Decisão Judicial Favorável
A 1ª Câmara Cível do Tribunal de Justiça de Minas Gerais (TJMG) determinou que uma operadora de plano de saúde custeie o tratamento de uma criança diagnosticada com plagiocefalia e braquicefalia. O tribunal rejeitou o recurso da operadora e confirmou uma sentença anterior da Comarca de Montes Claros, que já havia estabelecido a necessidade de fornecimento de uma órtese craniana indicada por médico especialista.
O caso ganhou destaque após a mãe da criança, insatisfeita com a recusa da operadora em disponibilizar o tratamento, buscar amparo legal para garantir o acesso à órtese. Sua solicitação foi considerada procedente, levando à concessão de tutela de urgência pela Justiça.
Justificativas da Operadora
Em sua defesa, a operadora argumentou que a exclusão contratual de órteses não ligadas a cirurgias é permitida pela Agência Nacional de Saúde Suplementar (ANS). Segundo a empresa, não havia evidências suficientes que comprovassem a eficácia da órtese craniana em comparação com um tratamento conservador. Além disso, alegou que a indicação médica não detalhava suficientemente a gravidade da condição da criança e as potenciais consequências da não utilização do dispositivo, o que, segundo a operadora, inviabilizava a caracterização da urgência do pedido.
Tratamento Indispensável e Legislação Aplicável
Os argumentos da operadora foram rebatidos pela relatora do caso, desembargadora Juliana Campos Horta. Ela fundamentou sua análise no entendimento do Superior Tribunal de Justiça (STJ), que considera que a ausência da órtese na lista da ANS não exime a operadora da obrigação de cobertura quando for comprovada a necessidade do tratamento.
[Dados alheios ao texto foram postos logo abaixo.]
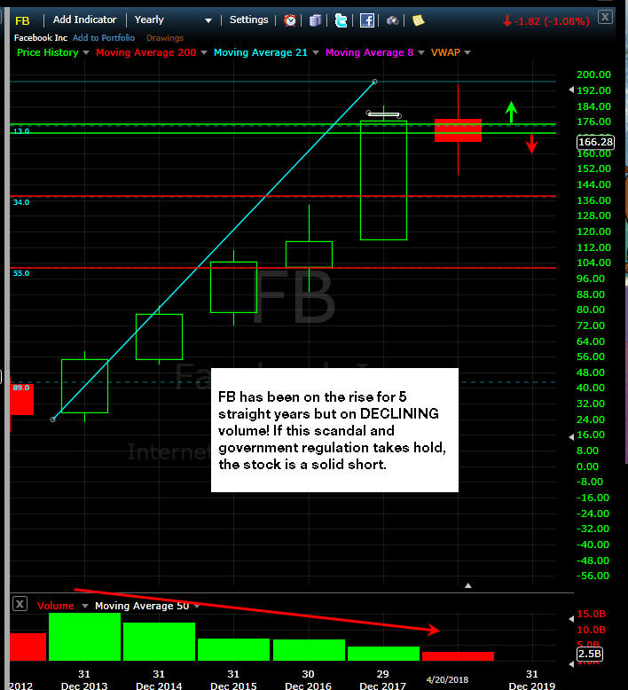 ========================================================================================== 3/27/18 - Another round of selling hit the markets today and FB was dumped on strong volume after yesterdays hanging man SGB failed to hold the line. The news confirmed that CEO Zuckerberg will testify before the US Congress, so we should see continued selling pressure on the stock until that event happens. I am sure it will be the usual mumbo-jumbo with intelligent things like, "uh umm, I don't remember" or "I would never let that happen" oh and brilliant replies like, "I will have to investigate that senator and get back to you for the record (wink wink). I am sure this up and coming media circus is going to be a Ringling Brothers worthy show as the clowns of congress come out to ruffle their feathers about the evil doings of FB getting the President single handedly elected with their meddling...blah blah PUKE! Bottom line, if FB fails to make the grade with them thar purveyors of truth, just-us and the American get-outta-my-way law(less) makers, then I expect a crushing of the stocks price as unsuspecting users of FB disembark from their favorite online hangout spot as they are woken up to what is really going on at the company with their personal data, texts, messaging, phones calls, habits, friends lists etc. But really, would something like this be a massive deal killer for them and the stocks prices? Uh, yeah, it certainly could if the talking heads chime in and paint a very intrusive, ugly picture of the company and their practices—after all, you may remember that Zuckerberg has been quoted saying his users are "dumb fu**s" for trusting him with their data back in early 2004. It's all going to be interesting to see how FB moves; and we need to be ready to profit; so my plan is to fish puts up to 20% OTM and calls up to 10% OTM plus I will buy some wildcard lotto puts all month until earnings come out on the 25th.

A Lei nº 14.454/2022 traz novos parâmetros, afirmando que o rol de procedimentos da ANS é uma referência básica. Diante disso, o custeio deve ser garantido quando houver prescrição médica pautada em evidências científicas e recomendações técnicas, como se verificou neste caso, respaldado por parecer técnico do Núcleo de Apoio Técnico do Poder Judiciário (NatJus) do Conselho Nacional de Justiça (CNJ).
A desembargadora reiterou que “a órtese prescrita tem finalidade preventiva e terapêutica, evitando deformidades craniofaciais permanentes, além de possíveis prejuízos cognitivos, sendo que não existem tratamentos alternativos igualmente eficazes listados pela ANS”.
Ela acrescentou que “a negativa de cobertura para o tratamento de plagiocefalia e braquicefalia, mesmo não inserido no rol da ANS, é considerada abusiva quando acompanhada de prescrição médica embasada e comprovação de eficácia respaldada em evidências científicas”. Neste contexto, o princípio do melhor interesse da criança deve prevalecer sobre cláusulas contratuais que limitam o direito à saúde e ao desenvolvimento integral.
Os desembargadores Márcio Idalmo Santos Miranda e Marcelo Rodrigues acompanharam o voto da relatora, reforçando a decisão que assegura o tratamento adequado para a criança.